Glenn Cohen, the James A. Attwood and Leslie Williams Professor of Law at Harvard Law School, said the work raised thorny ethical and legal questions that society needed to start thinking about.
These issues include embryo farming — producing hundreds of embryos to pick the best one — and the unauthorized use of a person’s cells.
“What happens to all the embryos created but not used? Does it violate ethical norms of respect to create so many potential human lives knowing that the vast majority will be destroyed or indefinitely stored?” said Cohen, who is also the faculty director of Harvard Law’s Petrie-Flom Center for Health Law Policy, Biotechnology & Bioethics.
“In the most extreme case, imagine an individual using sloughed skin cells left on a bathtub by Brad Pitt, for example, to derive sperm or egg in order to reproduce,” he added.
Saving animals from extinction?
The technique holds promise for conserving endangered species, although it’s not known whether the process in mice that resulted in the spontaneous loss of a Y chromosome and the duplication of the X chromosome would occur in other mammal species, said Mike McGrew, Personal Chair of Avian Reproductive Technologies at The Roslin Institute at the University of Edinburgh.

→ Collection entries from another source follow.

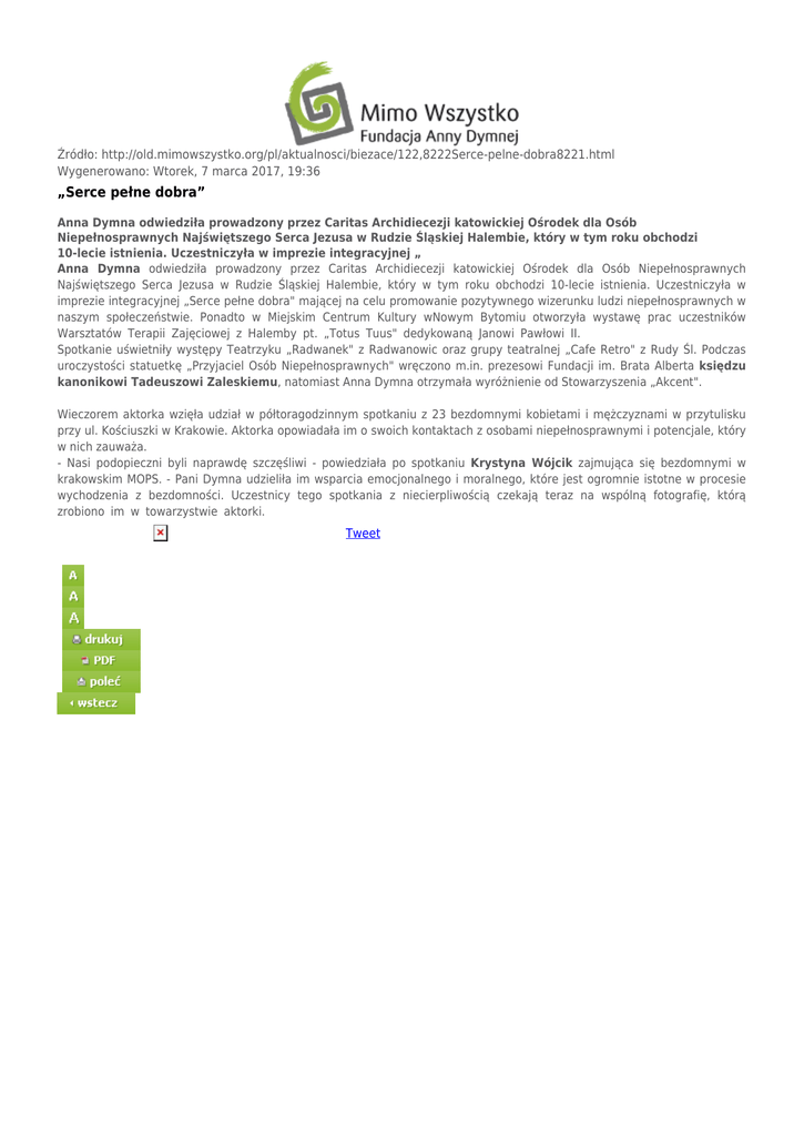 Źródło: http://old.mimowszystko.org/pl/aktualnosci/biezace/122,8222Serce-pelne-dobra8221.html Wygenerowano: Wtorek, 7 marca 2017, 19:36 „Serce pełne dobra” Anna Dymna odwiedziła prowadzony przez Caritas Archidiecezji katowickiej Ośrodek dla Osób Niepełnosprawnych Najświętszego Serca Jezusa w Rudzie Śląskiej Halembie, który w tym roku obchodzi 10-lecie istnienia. Uczestniczyła w imprezie integracyjnej „ Anna Dymna odwiedziła prowadzony przez Caritas Archidiecezji katowickiej Ośrodek dla Osób Niepełnosprawnych Najświętszego Serca Jezusa w Rudzie Śląskiej Halembie, który w tym roku obchodzi 10-lecie istnienia. Uczestniczyła w imprezie integracyjnej „Serce pełne dobra" mającej na celu promowanie pozytywnego wizerunku ludzi niepełnosprawnych w naszym społeczeństwie. Ponadto w Miejskim Centrum Kultury wNowym Bytomiu otworzyła wystawę prac uczestników Warsztatów Terapii Zajęciowej z Halemby pt. „Totus Tuus" dedykowaną Janowi Pawłowi II. Spotkanie uświetniły występy Teatrzyku „Radwanek" z Radwanowic oraz grupy teatralnej „Cafe Retro" z Rudy Śl. Podczas uroczystości statuetkę „Przyjaciel Osób Niepełnosprawnych" wręczono m.in. prezesowi Fundacji im. Brata Alberta księdzu kanonikowi Tadeuszowi Zaleskiemu, natomiast Anna Dymna otrzymała wyróżnienie od Stowarzyszenia „Akcent". Wieczorem aktorka wzięła udział w półtoragodzinnym spotkaniu z 23 bezdomnymi kobietami i mężczyznami w przytulisku przy ul. Kościuszki w Krakowie. Aktorka opowiadała im o swoich kontaktach z osobami niepełnosprawnymi i potencjale, który w nich zauważa. - Nasi podopieczni byli naprawdę szczęśliwi - powiedziała po spotkaniu Krystyna Wójcik zajmująca się bezdomnymi w krakowskim MOPS. - Pani Dymna udzieliła im wsparcia emocjonalnego i moralnego, które jest ogromnie istotne w procesie wychodzenia z bezdomności. Uczestnicy tego spotkania z niecierpliwością czekają teraz na wspólną fotografię, którą zrobiono im w towarzystwie aktorki. Tweet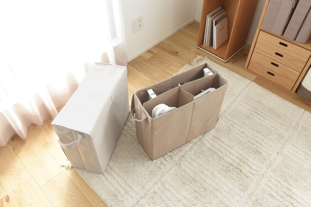 収納ボックスの蓋はピタッと閉じられて、開け閉めもラクなマグネット付き。中身を目隠しできて、生活感なく置けるだけでなく、中にホコリが溜まるのも防げます。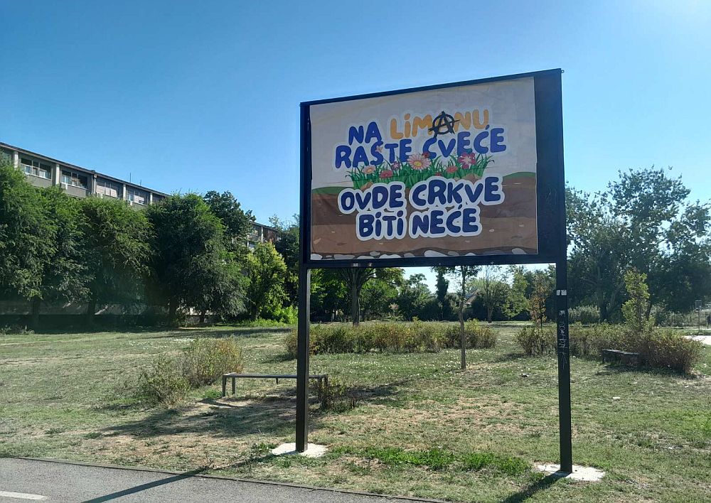 Stanovnici Limana okupljeni oko zborova su na dve lokacije na Limanu jedan izlepili bilborde sa porukom “Na Limanu raste cveće, ovde crkve biti neće”.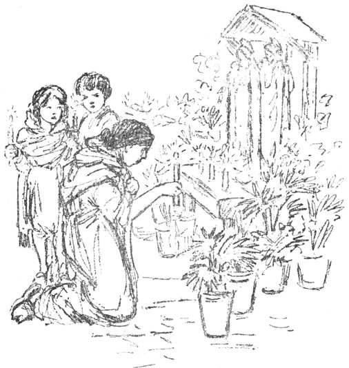 The priest led the procession through the entrance arch to the patio, and there he placed the images in a shrine, all banked with palms and flowering plants, which had been placed in the patio on purpose to receive them.

“This is a very exciting finding for species conservation,” he said via email. “You could imagine that the many ‘biobanks’ that are being established to capture genetic diversity stored for endangered species of animals. By chance, only or predominantly male cells may be conserved for some species.”
The techniques developed by Hayashi could help the northern white rhino breeding program, said Thomas Hildebrandt, professor and chair of wildlife reproduction medicine at Freie Universit?t Berlin and head of reproduction management at the Leibniz Institute for Zoo and Wildlife Research.
Only two animals of the species remain in the world, and both are female, Hildebrandt is attempting to artificially breed the animals with sperm and tissue samples taken from now deceased male counterparts.
“It’s a technology for tomorrow but we have an option to create a genetically sound population. This is only possible with this stem cell approach,” Hildebrandt said.